AKR1C3 is an important enzyme in the steroidogenesis pathway that can produce androgen intratumorally to maintain CRPC tumour growth after ADT. ¹⁸ Additionally, Liu et al demonstrated that it could contribute to drug resistance in patients treated with both abiraterone and enzalutamide, and inhibition of AKR1C3 activation with specific inhibitors (ie, indomethacin) could overcome these drug resistance by reducing the levels of intracrine androgens and diminishing AR transcriptional activity. ¹⁹ , ²⁰ Very recently, we collected several primary prostate rebiopsies at the time of mCRPC diagnosis and performed IHC staining of AKR1C3. Indeed, AKR1C3 expression in CRPC tissues is strongly associated with poor efficacy of abiraterone as a first‐line therapy. ¹¹

In addition, AKR1C3 has been shown to play different roles in mCRPC, such as acting as an EMT driver or AR coactivator. ¹⁰ , ²¹ Our previous studies revealed that AKR1C3 could act as a novel EMT driver to facilitate PCa metastasis through ERK signalling, which indicated a poor prognosis of patients. ¹⁰ Yepuru et al have reported that AKR1C3, as an AR‐selective coactivator, enhanced AR signalling through the ERG/AKR1C3/AR feed‐forward loop and facilitated CRPC development. ²¹ Additionally, in our previous study, we generated several DAB2IP‐deficient PCa cells, which simultaneously exhibited activation of AR‐V7 and overexpression of AKR1C3, indicating a direct or indirect interaction between AKR1C3 and AR‐V7 protein.

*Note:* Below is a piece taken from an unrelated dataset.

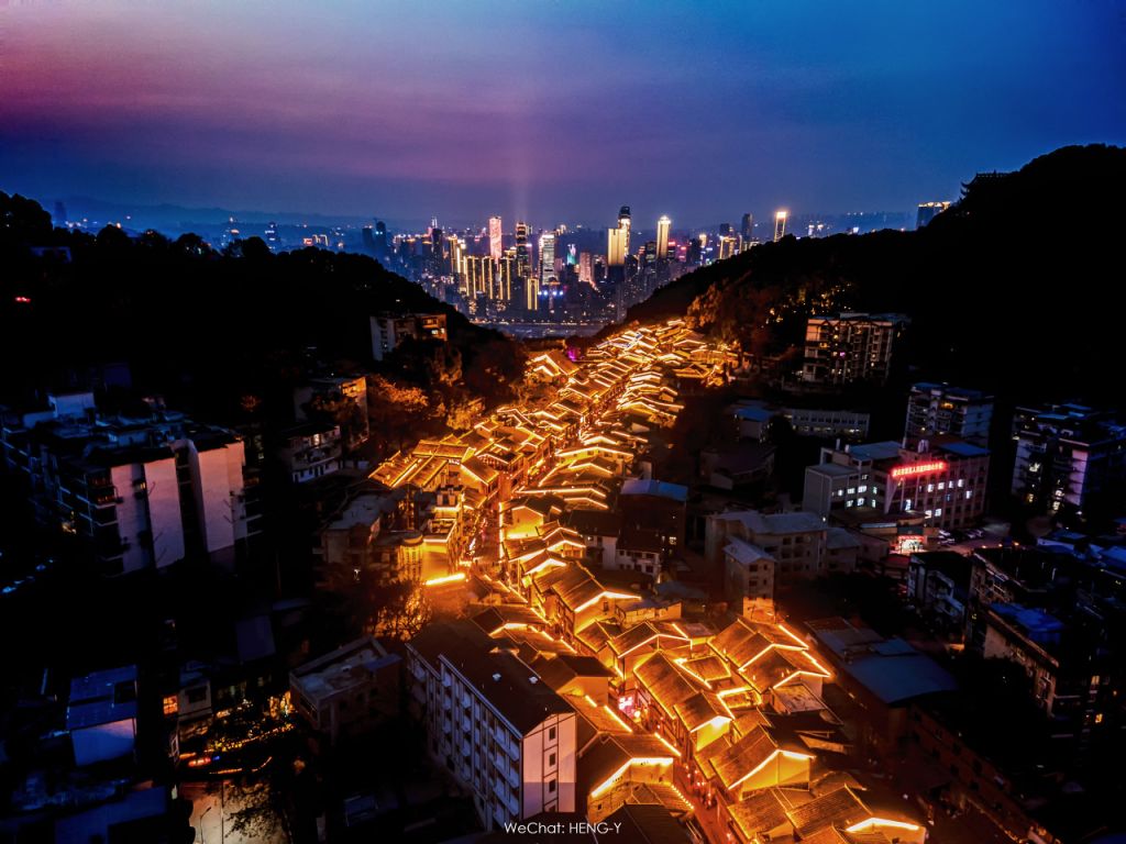 千年老街与现代光影碰撞,沉浸式夜景体验!12级阶梯式老街灯光璀璨,可以去长嘉汇观景台观看江北嘴、渝中半岛双子塔夜景。

To further confirm their relationship in CRPC, we applied IHC staining of AR‐V7 in prostate rebiopsies at mCRPC. Indeed, there is a positive correlation between AKR1C3 and AR‐V7 staining. Mechanistically, AKR1C3 colocalized and bound to AR‐V7 protein in CRPC cells and then reciprocally inhibited AR‐V7 and AKR1C3 protein degradation, which led to concordant overexpression of AKR1C3 and AR‐V7. These results have also been partially confirmed by another group using different cell models. This group also reported that AKR1C3 promoted AR‐V7 protein stabilization and conferred resistance to AR‐targeted therapies. ¹⁵

AR‐V7, as a truncated AR without a LBD, was believed to persist constitute AR target gene activation. However, Cato et al recently utilized cistrome and transcriptome analyses of CRPC data to show that AR‐V7 functions as a transcriptional repressor and heterodimerizes with full‐length AR at a subset of growth suppressive genes to support CRPC growth. Four genes, including SLC30A7, B4GALT1, HIF1A and SNX14, were specifically targeted by AR‐V7 and showed a negative effect on CRPC cell proliferation. ¹⁶ Similarly, we demonstrated that only B4GALT1 transcription was suppressed by AR‐V7 in 22RV1 T cell models, and knock‐down of B4GALT1 restored the effect of the AKR1C3/AR‐V7 complex on 22RV1 T‐cell proliferation.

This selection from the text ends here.